* Instructions to follow: Set down every line of the data exactly, skipping the pictures.
------
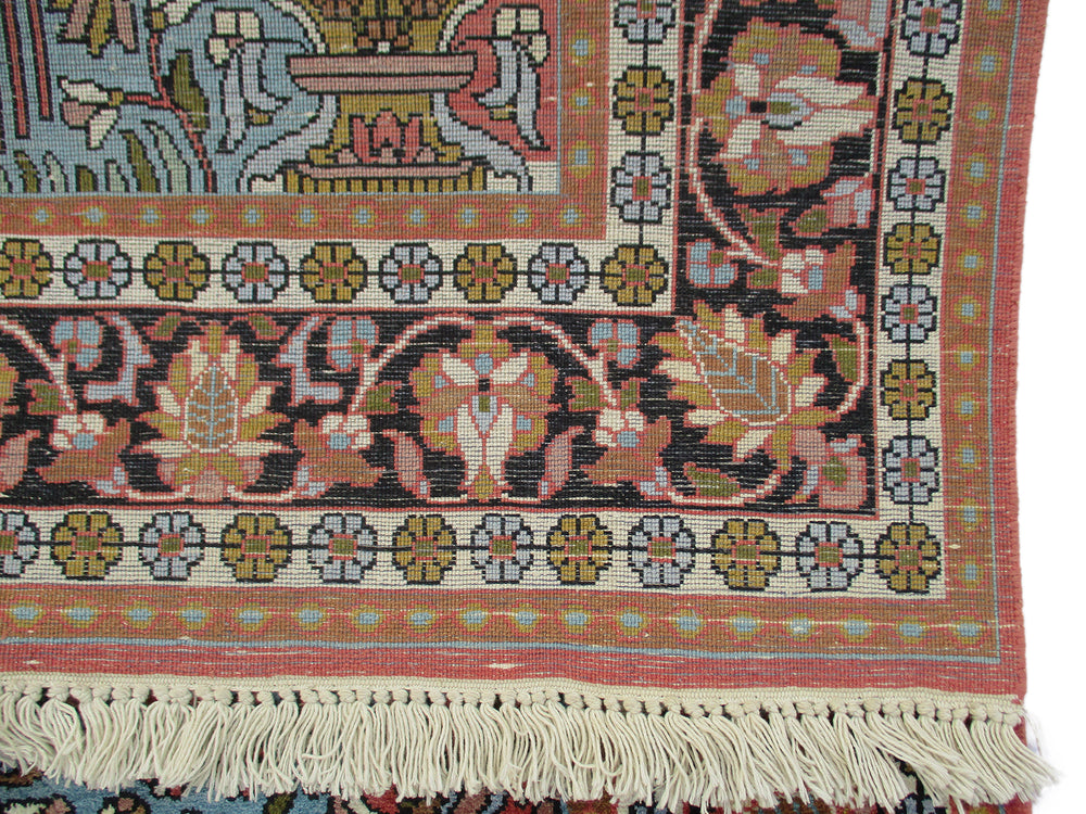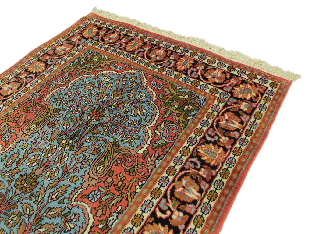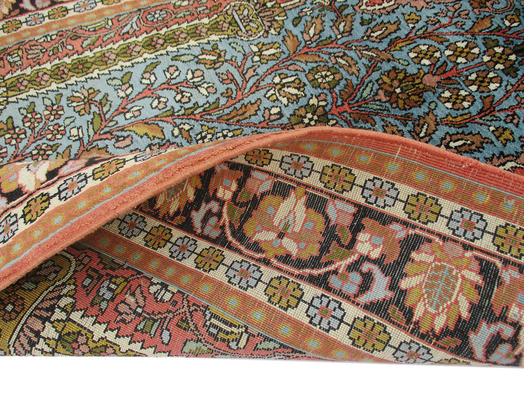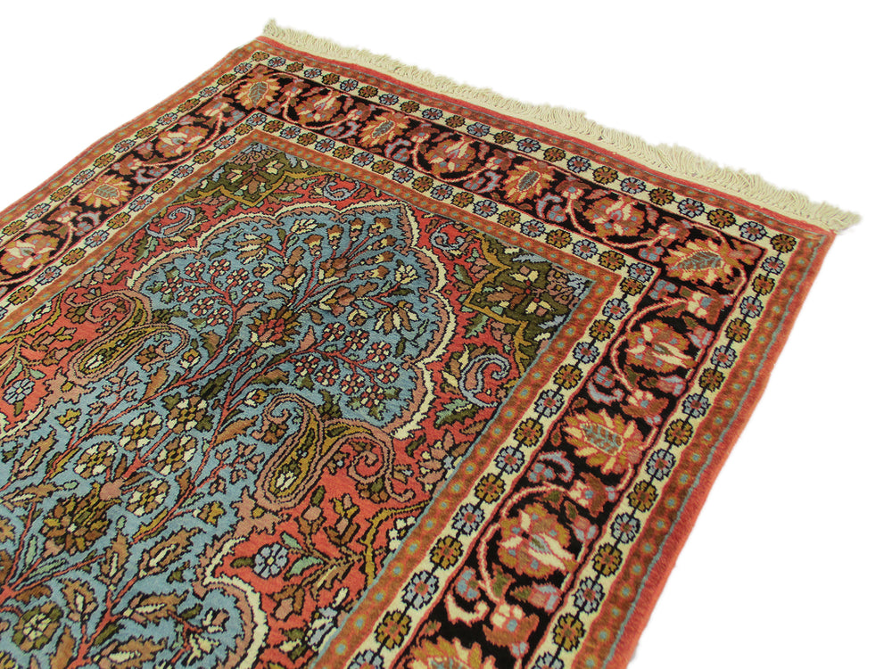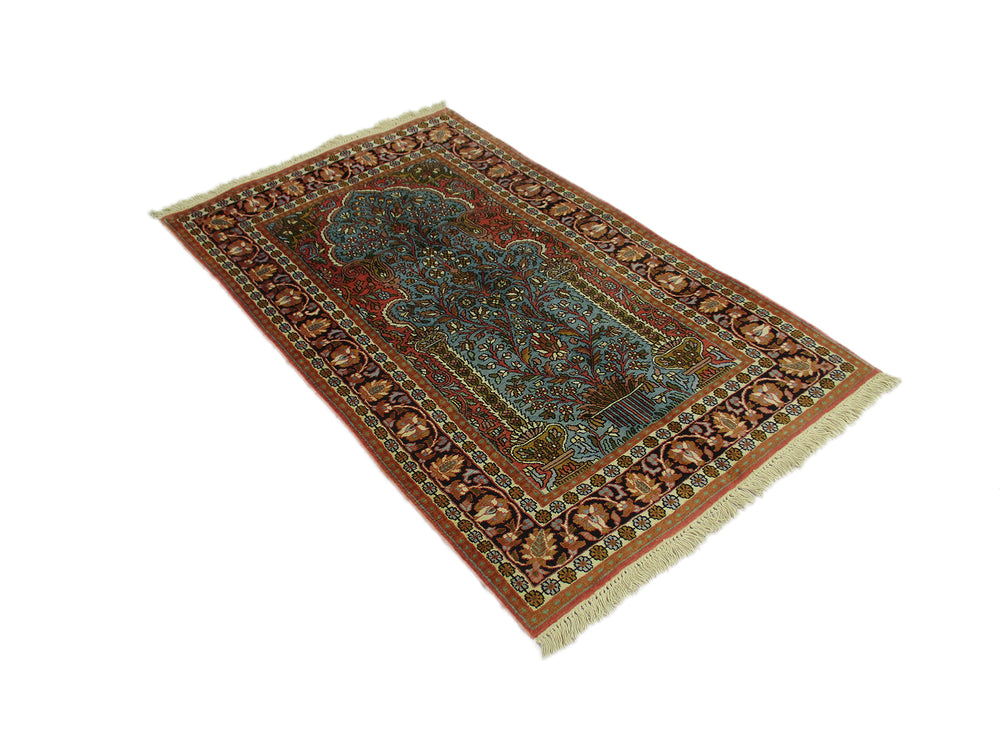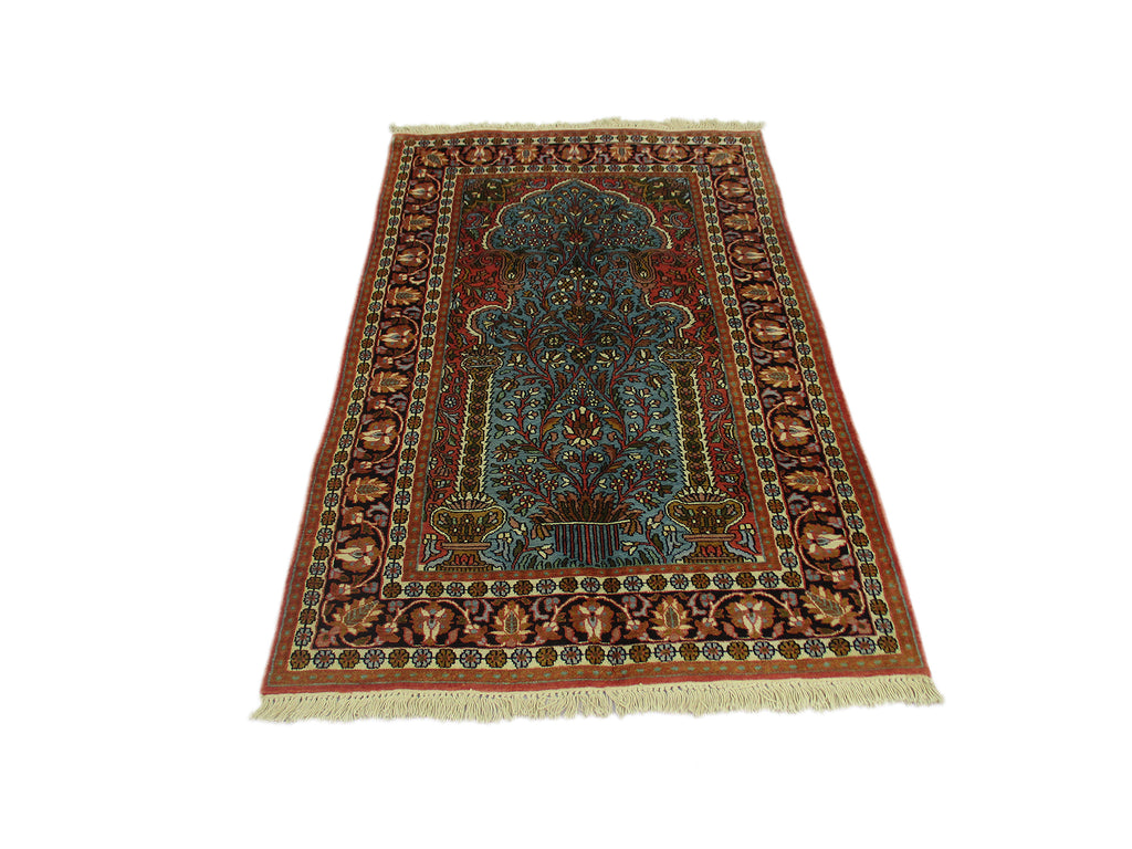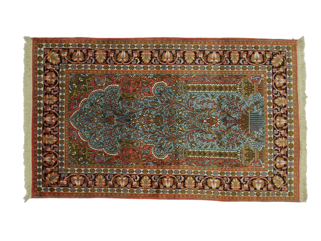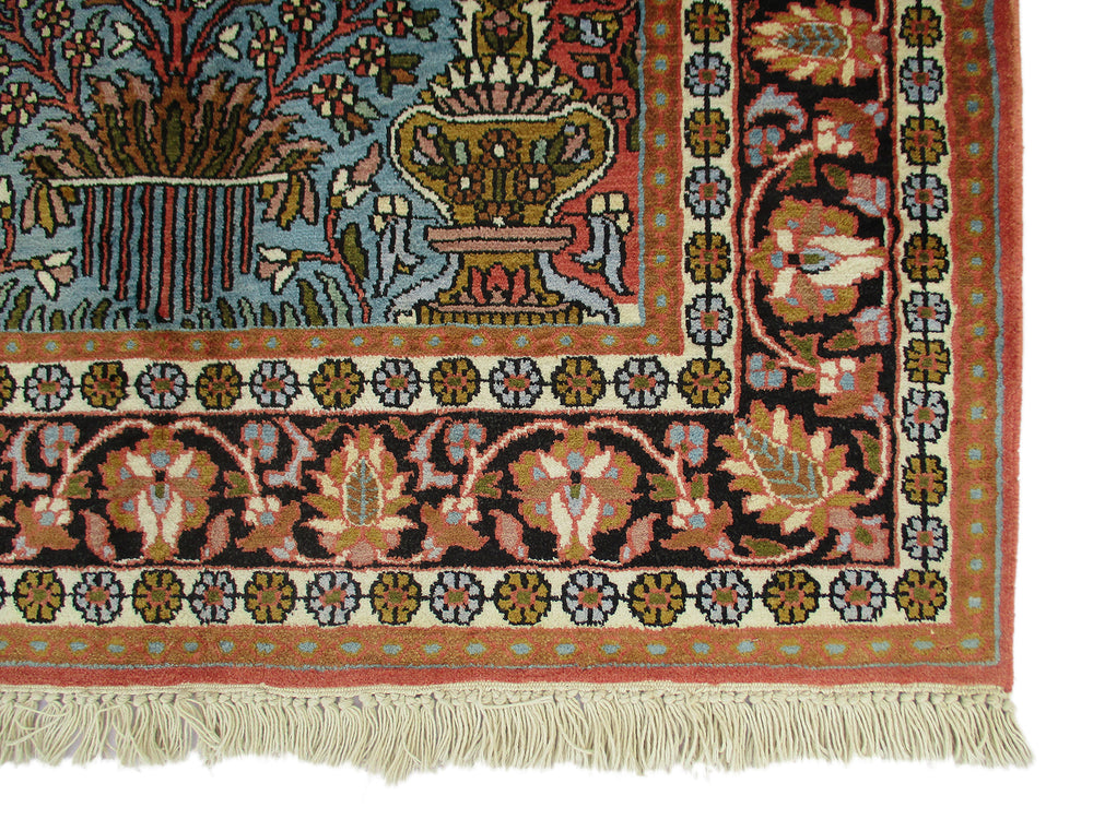 Astonishingly beautiful looking Indian DK area rug, exhibiting unique oriental design of Indian craftsmanship along with appealing shades in a garden theme, rich in beauty and style to make your home a real happiness. Certainly, a precious treasure to have one in your home, which is hand knotted and designed with plenty of motifs around the large centre medallion, with contrasting shades to make it all the more an attractive floor piece to compliment your living room decor. Made of high quality oriental silk, measures 3’0” x 5’0” in a combination of turquoise, red and orange, which is beyond doubt adds style quotient to your room. Indeed, a most desired rug for its finest finish, oriental in design, discernibly majestic Indian look, unique all-over design, durability, a decorative floor piece to enrich the beauty of your home.
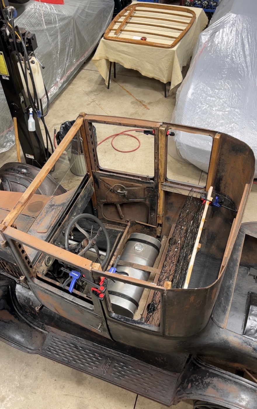 Looks like your Coupe is a very late 24 Coupe because of the steel framed doors. Ford used that style beginning late 24 and onward into 25 when getting ready for the so-called improved 26-27 Ford T’s. There is a sequence that’s used to replace the tops on the 24-25 T Coupes. There are several threads on the subject on the forum. I bought the interior kit for my wood framed earlier 24 Coupe so I would have the beading that goes around the doors. When you buy an interior kit be sure to note that your car has the steel framed doors.
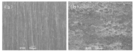 In order to further observe the microcorrosion morphology of N80 steel surface, a corrosion test was performed on N80 steel plates with/without polydopamine coating. The corrosive medium was 90 °C produced water of oil well. Scanning electron microscopy analysis was performed on each corroded steel plate, and the results are shown in Figure 4. It can be seen that the surface of the steel sheet with polydopamine coating after the corrosion test was significantly smoother than that of the blank sample. After corrosion, many pits appeared in the N80 steel plate without coating, indicating that the coating has a good corrosion inhibition effect on N80 steel plate. This may be due to the strong adsorption characteristics of the polydopamine cross-linked layer [18,19].
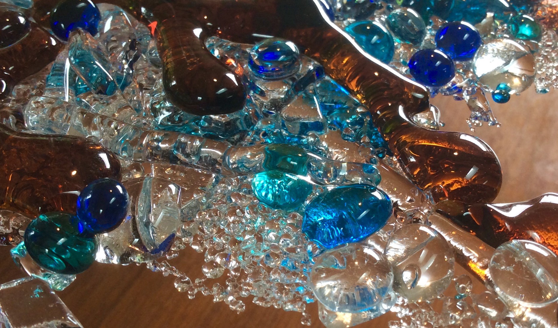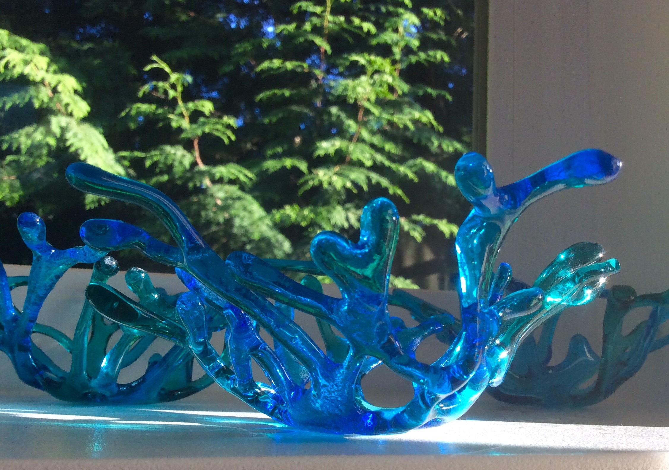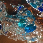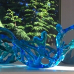 What began as an appreciation of the beauty glass can hold… has developed into a passion for pushing boundaries & creating unique fused glass pieces. Constantly inspired by the Pacific Northwest, Claire uses heat and imagination to reflect that beauty into her work. Not one for straight lines, you will feel the gentle movement of the wind and water through all her glass work. Candle holders, soap dishes, glass chimes, and the beautiful plates & bowls are all hand cut, designed, and fired in her Sechelt studio.
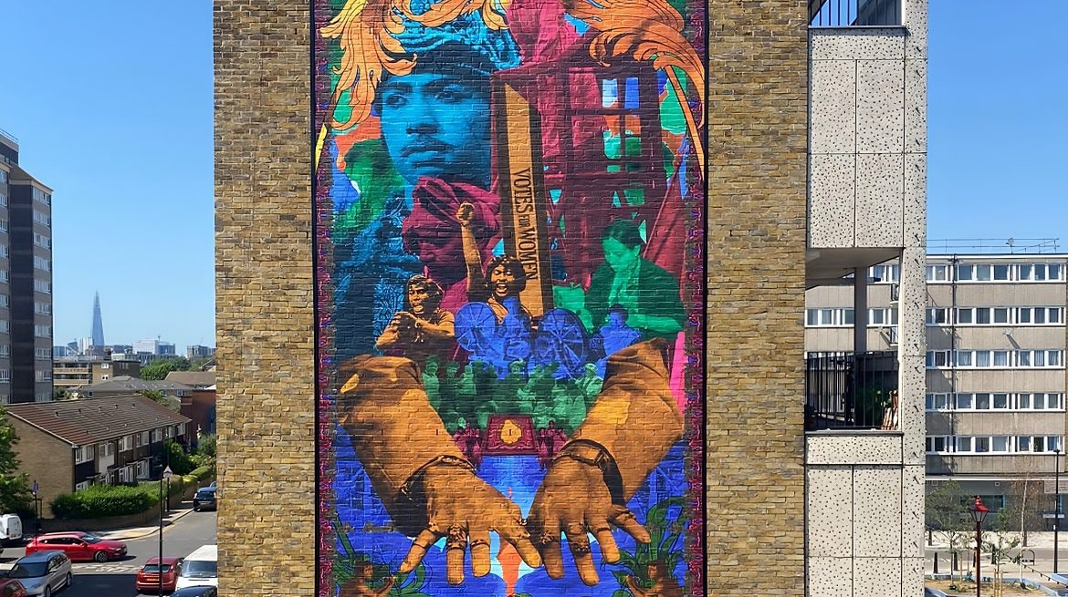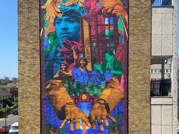 Installed on the side of Clynes House in Globe Town in July 2023, the work is a large colourful photographic collage of archival materials that speak to the rich history of Tower Hamlets and the contemporary character of the area and its residents.
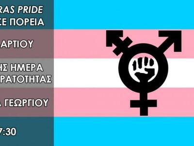 Το Patras Pride διοργανώνει όπως ανακοίνωσε, πορεία για την Διεθνή Ημέρα Τρανς Ορατότητας, το Σάββατο 31/03/2018 στην Πλατεία Γεωργίου, ώρα 17:30. «Αγωνιζόμαστε για τα δικαιώματά μας και διεκδικούμε την ορατότητα μας στον δημόσιο χώρο, ενάντια σε κάθε διάκριση και καταπίεση», αναφέρεται στο σχετικό κάλεσμα.
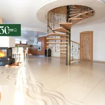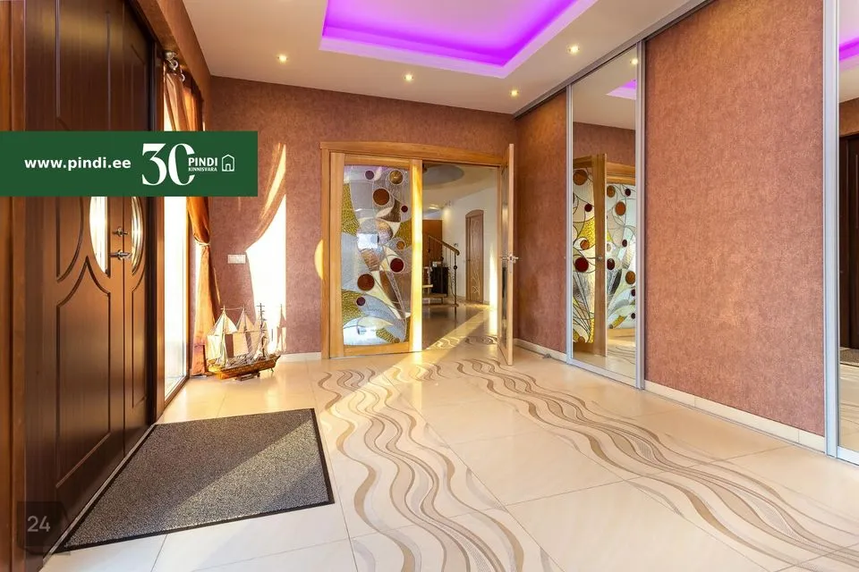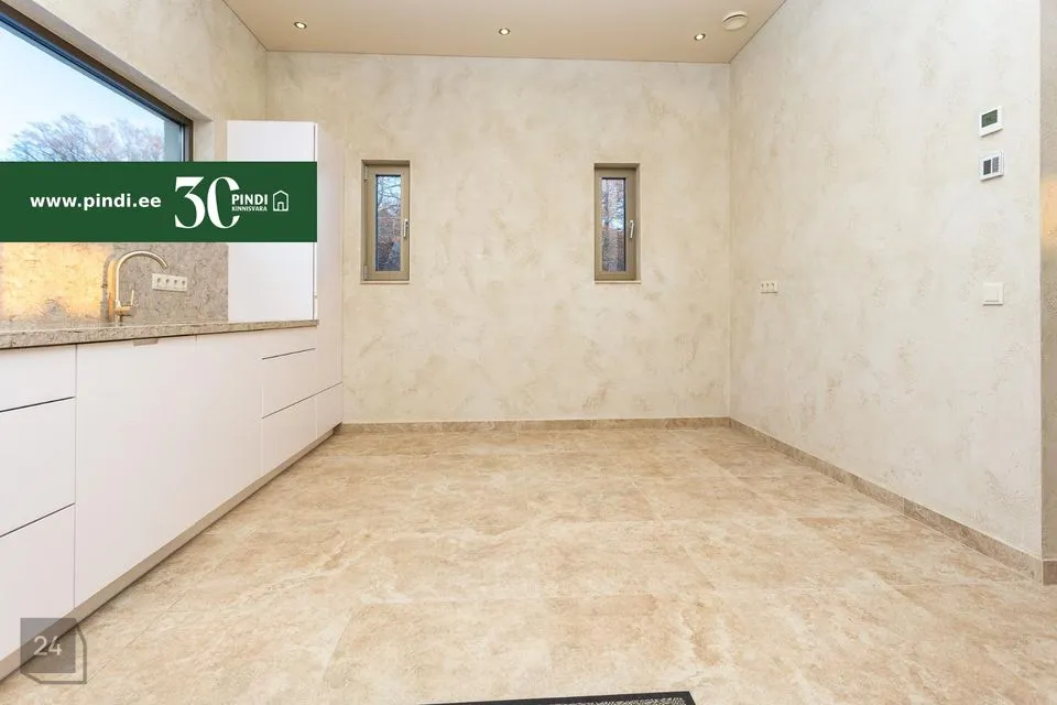 Naturaalparkett, LED-valgustusega sisetrepid, täispuidust uksed, puit-alumiinium aknad, dimmerdatavad LED-valgusallikad.
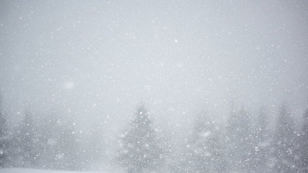 Winter, blur spruce trees, bokeh, falling snow defocused background
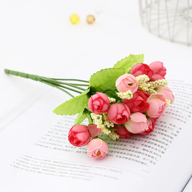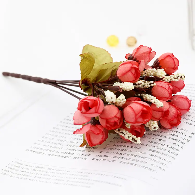 Rosa flor artificial plástico ramo arreglo sala de estar decoración del hogar flor de seda flores decorativas
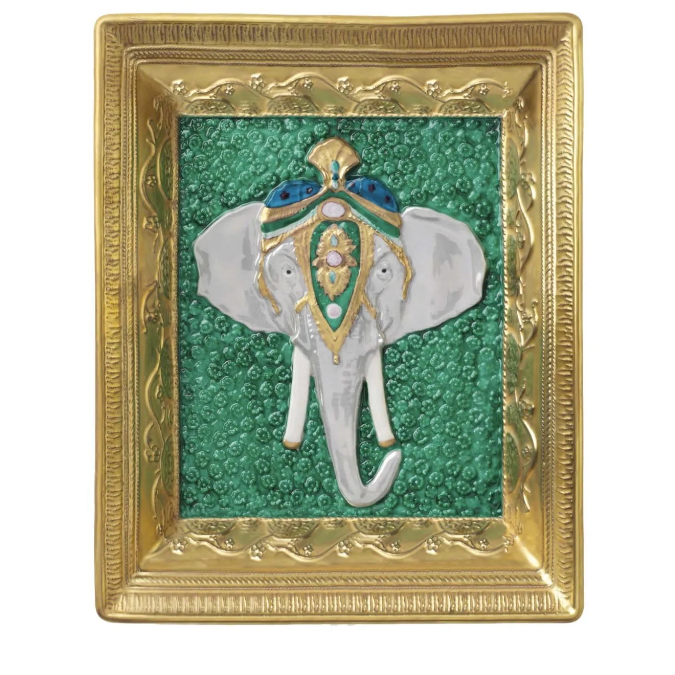 This unique work of art is a sublime homage to the splendid landscape of Rajasthan, a state in northern India. The piece is crafted of fine porcelain and splendidly adorned in vibrant colors, highlighting the exquisite depiction of the head of an elephant. The textured turquoise background is a vibrant contrast to the blue and pearl gray accents and the 24k gold plating, that also graces the rim of the piece.
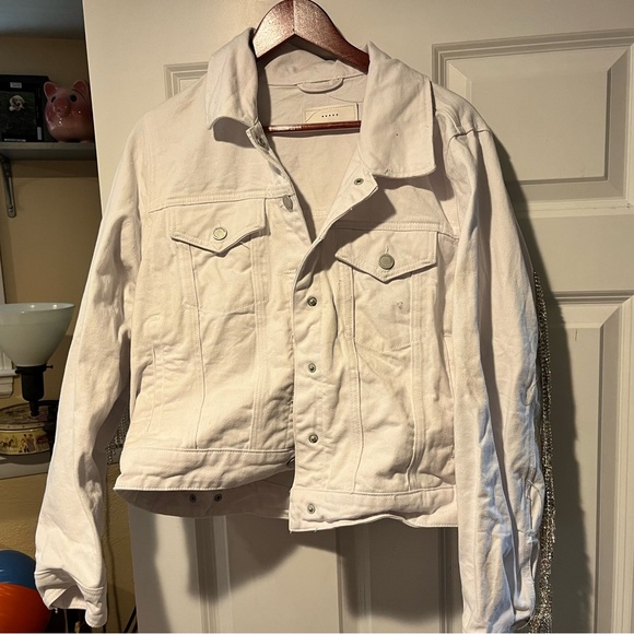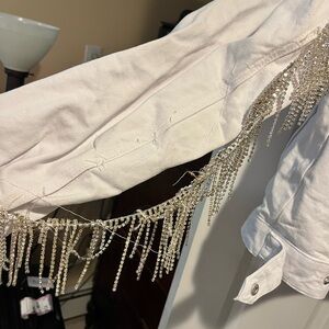 Very cute jean jacket with tassels. Tassels on one arm are falling off from washing/ drying it but can be sewn back. Only wore once.
------
* Reply:
 Astonishingly beautiful looking Indian DK area rug, exhibiting unique oriental design of Indian craftsmanship along with appealing shades in a garden theme, rich in beauty and style to make your home a real happiness. Certainly, a precious treasure to have one in your home, which is hand knotted and designed with plenty of motifs around the large centre medallion, with contrasting shades to make it all the more an attractive floor piece to compliment your living room decor. Made of high quality oriental silk, measures 3’0” x 5’0” in a combination of turquoise, red and orange, which is beyond doubt adds style quotient to your room. Indeed, a most desired rug for its finest finish, oriental in design, discernibly majestic Indian look, unique all-over design, durability, a decorative floor piece to enrich the beauty of your home.
 Looks like your Coupe is a very late 24 Coupe because of the steel framed doors. Ford used that style beginning late 24 and onward into 25 when getting ready for the so-called improved 26-27 Ford T’s. There is a sequence that’s used to replace the tops on the 24-25 T Coupes. There are several threads on the subject on the forum. I bought the interior kit for my wood framed earlier 24 Coupe so I would have the beading that goes around the doors. When you buy an interior kit be sure to note that your car has the steel framed doors.
 In order to further observe the microcorrosion morphology of N80 steel surface, a corrosion test was performed on N80 steel plates with/without polydopamine coating. The corrosive medium was 90 °C produced water of oil well. Scanning electron microscopy analysis was performed on each corroded steel plate, and the results are shown in Figure 4. It can be seen that the surface of the steel sheet with polydopamine coating after the corrosion test was significantly smoother than that of the blank sample. After corrosion, many pits appeared in the N80 steel plate without coating, indicating that the coating has a good corrosion inhibition effect on N80 steel plate. This may be due to the strong adsorption characteristics of the polydopamine cross-linked layer [18,19].
 What began as an appreciation of the beauty glass can hold… has developed into a passion for pushing boundaries & creating unique fused glass pieces. Constantly inspired by the Pacific Northwest, Claire uses heat and imagination to reflect that beauty into her work. Not one for straight lines, you will feel the gentle movement of the wind and water through all her glass work. Candle holders, soap dishes, glass chimes, and the beautiful plates & bowls are all hand cut, designed, and fired in her Sechelt studio.
 Installed on the side of Clynes House in Globe Town in July 2023, the work is a large colourful photographic collage of archival materials that speak to the rich history of Tower Hamlets and the contemporary character of the area and its residents.
 Το Patras Pride διοργανώνει όπως ανακοίνωσε, πορεία για την Διεθνή Ημέρα Τρανς Ορατότητας, το Σάββατο 31/03/2018 στην Πλατεία Γεωργίου, ώρα 17:30. «Αγωνιζόμαστε για τα δικαιώματά μας και διεκδικούμε την ορατότητα μας στον δημόσιο χώρο, ενάντια σε κάθε διάκριση και καταπίεση», αναφέρεται στο σχετικό κάλεσμα.
 Naturaalparkett, LED-valgustusega sisetrepid, täispuidust uksed, puit-alumiinium aknad, dimmerdatavad LED-valgusallikad.
 Winter, blur spruce trees, bokeh, falling snow defocused background
 Rosa flor artificial plástico ramo arreglo sala de estar decoración del hogar flor de seda flores decorativas
 This unique work of art is a sublime homage to the splendid landscape of Rajasthan, a state in northern India. The piece is crafted of fine porcelain and splendidly adorned in vibrant colors, highlighting the exquisite depiction of the head of an elephant. The textured turquoise background is a vibrant contrast to the blue and pearl gray accents and the 24k gold plating, that also graces the rim of the piece.
 Very cute jean jacket with tassels. Tassels on one arm are falling off from washing/ drying it but can be sewn back. Only wore once.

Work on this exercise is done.